So Sorry for Your War: A Short Story

Fifty years to the day after Nguyen Van Minh shot and killed Anthony Venezia in the village of Ben Suc, the former Viet Cong soldier knocked on the front door of the house where Venezia grew up.

Anthony Venezia’s sister Angela answered.

“Yes,” she said.

“These are for you,” he said.

Overcome with soft emotion, Nguyen Van Minh’s eyes welled as he stood at attention the way he did when he joined the fight as a boy. He extended the manila envelope he bought that morning at a strip mall discount store.

Angela looked from his wet black eyes to the envelope and back to his face. Lifting the copper-colored clasp, she opened the flap. The wallet-sized black and white photo showed her brother Tony riding a new wooden hobby horse on Christmas morning when they were four-year-old twins living in Scranton in the same green aluminum-sided house where Angela still lived.

“Where did you get this?”

“Look more,” said Nguyen Van Minh

The next photo showed her mother, Gina, and father, Tony Sr., at the party she and her brother threw for them on their parents’ 17th wedding anniversary. Gina told Angela over chocolate cake with peanut butter icing how she found rice in her hair for days after the wedding. Tony admitted to his son he was so nervous he almost fainted at the altar.

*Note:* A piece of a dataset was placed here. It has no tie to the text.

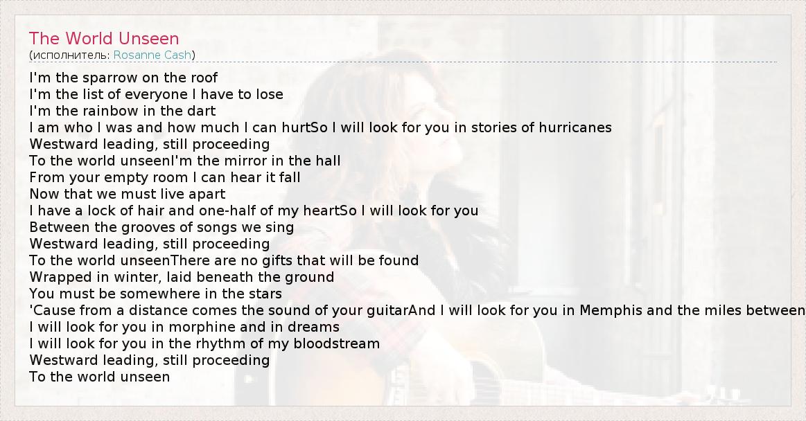 I'm the sparrow on the roof I'm the list of everyone I have to lose I'm the rainbow in the dart I am who I was and how much I can hurtSo I will look for you in stories of hurricanes Westward leading, still proceeding To the world unseenI'm the mirror in the hall From your empty room I can hear it fall Now that we must live apart I have a lock of hair and one-half of my heartSo I will look for you Between the grooves of songs we sing Westward leading, still proceeding To the world unseenThere are no gifts that will be found Wrapped in winter, laid beneath the ground You must be somewhere in the stars 'Cause from a distance comes the sound of your guitarAnd I will look for you in Memphis and the miles between I will look for you in morphine and in dreams I will look for you in the rhythm of my bloodstream Westward leading, still proceeding To the world unseen

Angel stepped back from the door.

“Who are you?”

“And these,” Nguyen Van Minh said, handing her Tony’s dog tags.

Angela screamed.

“So sorry for your war,” Nguyen Van Minh said.

Police caught up to him at the convenience store four blocks away. Four squad cars rushed to the scene in response to Angela’s frantic 911 call. Five armed officers circled the small man with the stringy beard he sometimes told people made him look like legendary Communist leader Ho Chi Minh. The supervising sergeant did all the talking.

“You have ID?”

 Nguyen Van Minh handed over his American passport.

“You’re a citizen,” the sergeant said.

“I vote every election,” Nguyen Van Minh said.

“Where did you get the photographs of Tony Venezia?”

“From his wallet.”

“Tony died in Vietnam in 1972.”

“I shot him in an ambush.”

“You killed Tony Venezia in Vietnam.”


“Then you stole his stuff?”

“I wanted souvenirs. Now I return them.”

“Fifty years later?”

“I was wrong to take from the dead.”

The sergeant wasn’t sure what to do.

“I’d like to go home now,” Nguyen Van Minh said.

“You’re under arrest,” the sergeant said.

In his mind Nguyen Van Minh saw himself blending with the jungle that day, a bold 17-year-old freedom fighter waiting to pounce as he tensed and watched the American squad move closer. The 19-year-old walking point, laughing, smoking a cigarette and not wearing a helmet made the most noise. Squeezing one shot from his rifle, Nguyen Van Minh saw the enemy’s head snap back. With the firefight erupting all around, he settled into the adrenaline rush that always came with combat.

All 12 Americans died.

After picking through their bodies, taking what they could use in their continuing fight to rid their land of invaders, Nguyen Van Minh and his guerrilla compatriots moved on. Nguyen Van Minh took photographs and other papers from the body of the young man he killed. After stuffing the personal belongings into the Chinese-issued rucksack he retrieved earlier that week from a comrade killed in action he returned to the body, ripped the dog tags from his enemy’s neck and took them, too.

“Put your hands behind your back,” the police sergeant said.

Nguyen Van Minh, 67, set his jaw and stared straight ahead, not complying but not resisting.

Americans would never express sorrow for their wars.

Nor would they understand those who did.